That blindness, however, comes with a huge price tag. As the age of abundance made possible by fossil fuels comes to its inevitable end, a great many things could be done to cushion the impact. Quite a few of these things could be done by individuals, families, and local communities – to continue with the example under discussion, it would not be that hard for people who live in rural areas or suburbs to provide themselves with backup systems using local renewable energy to keep their homes viable in the event of a prolonged, or even a permanent, electrical outage. None of the steps involved are hugely expensive, most of them have immediate payback in the form of lower energy bills, and local and national governments in much of the industrial world are currently offering financial incentives – some of them very robust – to those who do them. Despite this, very few people are doing them, and most of the attention and effort that goes into responses to a future of energy constraints focuses on finding new ways to pump electricity into a hugely inefficient electrical grid, without ever asking whether this will be a viable response to an age when the extravagance of the present day is no longer an option.
This is why attention to the economics of energy in the wake of peak oil is so crucial. Could an electrical grid of the sort we have today, with its centralized power plants and its vast network of wires bringing power to sockets on every wall, remain a feature of life throughout the industrial world in an energy-constrained future? If attempts to make sense of that future assume that this will happen as a matter of course, or start with the unexamined assumption that such a grid is the best (or only) possible way to handle scarce energy, and fixate on technical debates about whether and how that can be made to happen, the core issues that need to be examined slip out of sight. The question that has to be asked instead is whether a power grid of the sort we take for granted will be economically viable in such a future – that is, whether such a grid is as necessary as it seems to us today; whether the benefits of having it will cover the costs of maintaining and operating it; and whether the scarce resources it uses could produce a better return if put to work in some other way.
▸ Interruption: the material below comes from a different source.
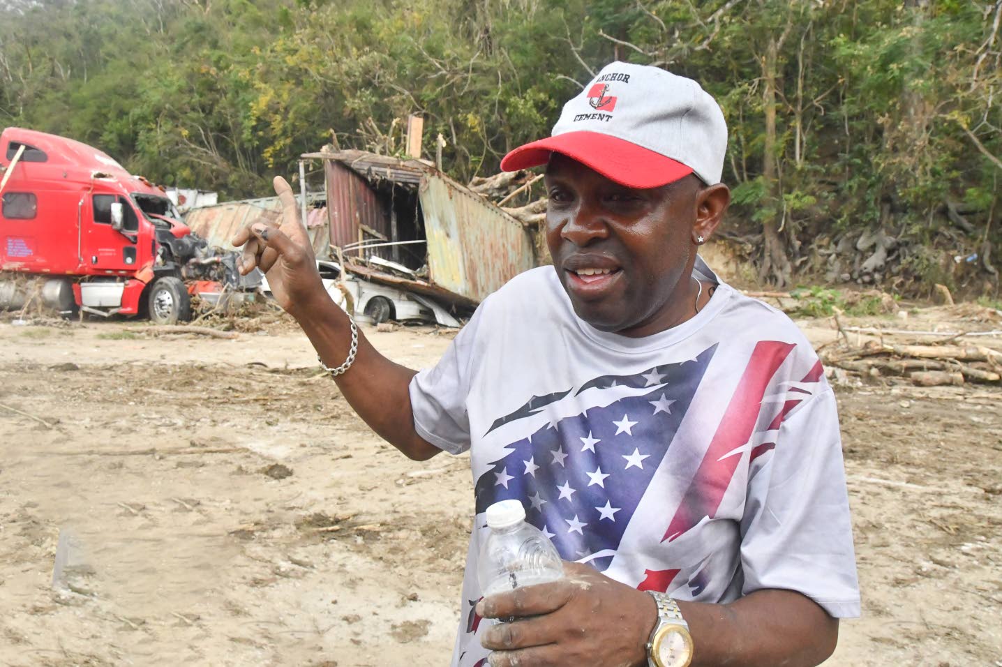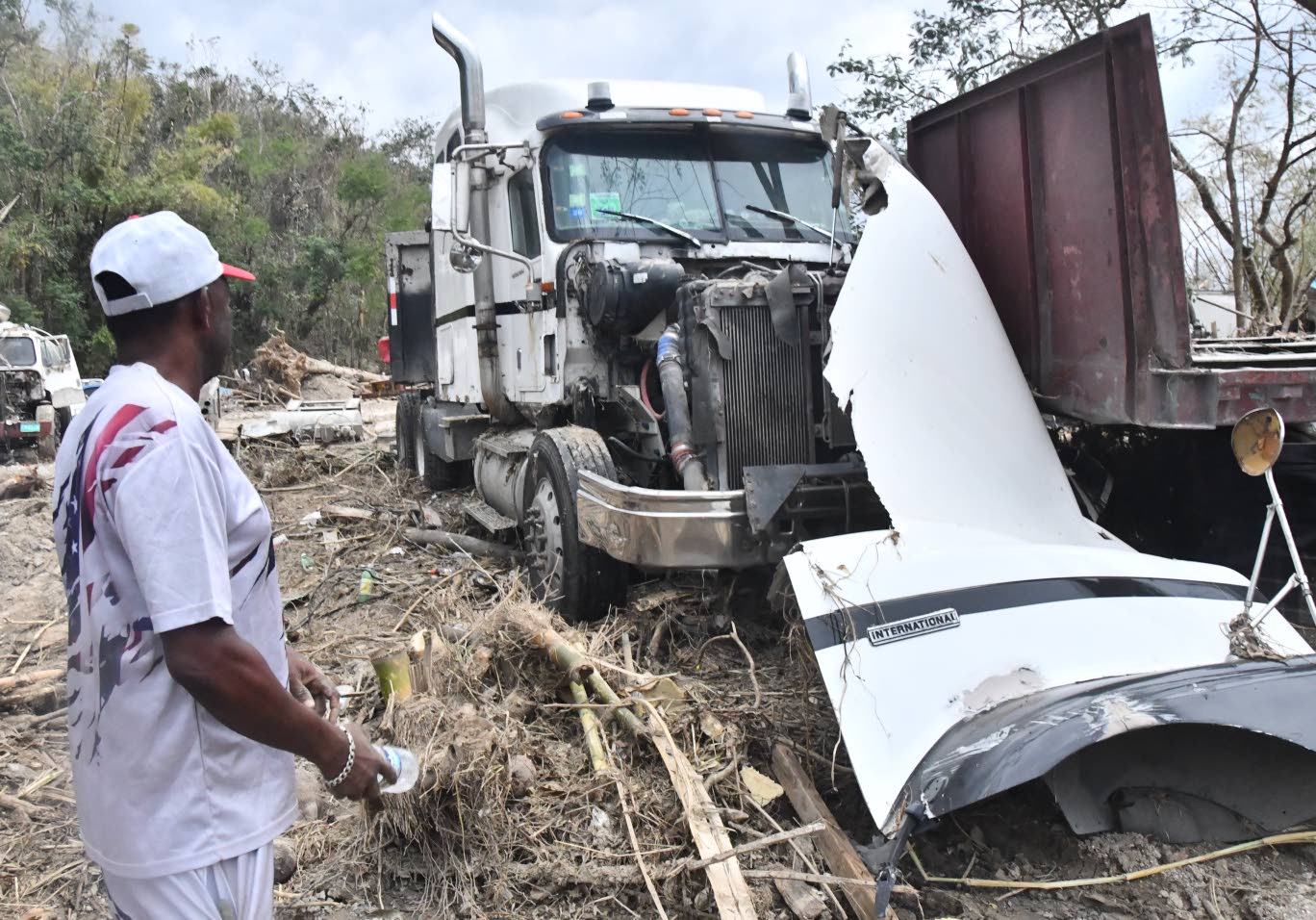 Clyde Maxwell, the operator of Maxwell Trucking in Irwin, St James, looks at the damage sustained to his garage, where several trucks were covered with debris due to heavy flooding as a result of Hurricane Melissa, while others were swept away in a river. (Photos: Naphtali Junior)

Local conditions might provide any number of answers to that question. In some countries and regions, where people live close together and renewable energy sources such as hydroelectric power promise a stable supply of electricity for the relatively long term, a national grid of the current type may prove viable. In others, as suggested above, it might be much more viable to have restricted power grids supplying urban areas and critical infrastructure, while rural hinterlands return to locally generated power or to non-electrified lifestyles. In still others, a power grid of any kind might prove to be economically impossible.
Under all these conditions, even the first, it makes sense for governments to encourage citizens and businesses to provide as much of their own energy needs as possible from locally available, diffuse energy sources such as sunlight and wind. (It probably needs to be said, given current notions about the innate malevolence of government, that whatever advantages might be gained from having people dependent on the electrical grid would be more than outweighed by the advantages of having a work force, and thus an economy, that can continue to function on at least a minimal level if the grid goes down.) Under all these conditions, it makes even more sense for individuals, families, and local communities to take such steps themselves, so that any interruption in electrical power from the grid – temporary or permanent – becomes an inconvenience rather than a threat to survival.
A case could easily be made that in the face of a future of very uncertain energy supplies, alternative off-grid sources of space heating, hot water, and other basic necessities are as important in a modern city as life jackets are in a boat. An even stronger case could be made that individuals and groups who hope to foster local resilience in the face of such a future probably ought to make such simple and readily available technologies as solar water heating, solar space heating, home-scale wind power, and the like central themes in their planning. Up to now, this has rarely happened, and the hold of the logic of abundance on our collective imagination is, I think, a good part of the reason why.
What makes this even more important is that the electrical power grid is only one example, if an important one, of a system that plays a crucial role in the way people live in the industrial world today, but that only makes sense in a world where energy is so abundant that even huge inefficiencies don’t matter. It’s hardly a difficult matter to think of others. To think in these terms, though, and to begin to explore more economical options for meeting individual and community needs in an age of scarce energy, is to venture into a nearly unexplored region where most of the rules that govern contemporary life are stood on their heads. We’ll map out one of the more challenging parts of that territory in next week’s post.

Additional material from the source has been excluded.